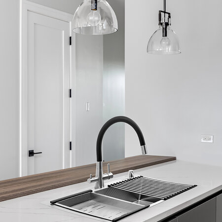 Смесители Riveco выделяются элегантными, современными отделками в цветах: нержавеющая сталь, черный и графитовый, которые органично вписываются в различные кухонные интерьеры. Эти эстетичные и долговечные покрытия не только украшают кухню, но и гарантируют долговечность, легкость в обслуживании и стойкость к повреждениям.
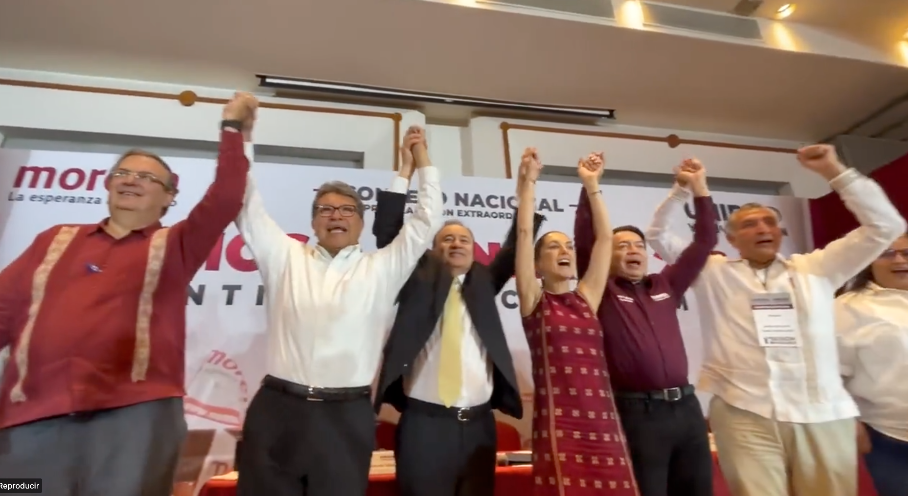 Luego de varias semanas de hostilidad interna por las señales enviadas por el Canciller Ebrard a partir del anuncio de su renuncia y de su crítica a la 'cargada' morenista en favor de la Jefa de Gobierno de la CDMX, los prospectos morenistas accedieron a tomarse la fotografía juntos con las manos alzadas en señal de triunfo y resguardados por un gran letrero que decía 'Vamos a Ganar el 2024'. Al término de la Convención, el dirigente nacional Mario Delgado mostró el documento firmado por todos los aspirantes a la candidatura. En la Convención se estableció que serán, finalmente, seis los personajes en la Encuesta y por ello, trascendió que por el PVEM sería registrado Manuel Velasco y por el PT Gerardo Fernandez Noroña. Verde y Partido del Trabajo son los Aliados tradicionales de MORENA.
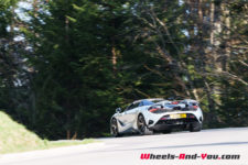 C’est la version Spider, la plus vendue avec environ 2 autos sur 3, que McLaren met à notre disposition pour 3 jours. Elle arrive tout droit de Woking, siège du groupe en Angleterre. Petite anecdote : les Anglais craignaient peut-être le climat suisse puisque je découvre dans le coffre deux chaussettes à neige neuves ! Mais heureusement, il n’y a pas de neige alors que je prends le volant du bolide.

Problem details :: Repeat the material exactly as it reads, without any of its pictures.

Solution to this problem ::
 Смесители Riveco выделяются элегантными, современными отделками в цветах: нержавеющая сталь, черный и графитовый, которые органично вписываются в различные кухонные интерьеры. Эти эстетичные и долговечные покрытия не только украшают кухню, но и гарантируют долговечность, легкость в обслуживании и стойкость к повреждениям.
 Luego de varias semanas de hostilidad interna por las señales enviadas por el Canciller Ebrard a partir del anuncio de su renuncia y de su crítica a la 'cargada' morenista en favor de la Jefa de Gobierno de la CDMX, los prospectos morenistas accedieron a tomarse la fotografía juntos con las manos alzadas en señal de triunfo y resguardados por un gran letrero que decía 'Vamos a Ganar el 2024'. Al término de la Convención, el dirigente nacional Mario Delgado mostró el documento firmado por todos los aspirantes a la candidatura. En la Convención se estableció que serán, finalmente, seis los personajes en la Encuesta y por ello, trascendió que por el PVEM sería registrado Manuel Velasco y por el PT Gerardo Fernandez Noroña. Verde y Partido del Trabajo son los Aliados tradicionales de MORENA.
 C’est la version Spider, la plus vendue avec environ 2 autos sur 3, que McLaren met à notre disposition pour 3 jours. Elle arrive tout droit de Woking, siège du groupe en Angleterre. Petite anecdote : les Anglais craignaient peut-être le climat suisse puisque je découvre dans le coffre deux chaussettes à neige neuves ! Mais heureusement, il n’y a pas de neige alors que je prends le volant du bolide.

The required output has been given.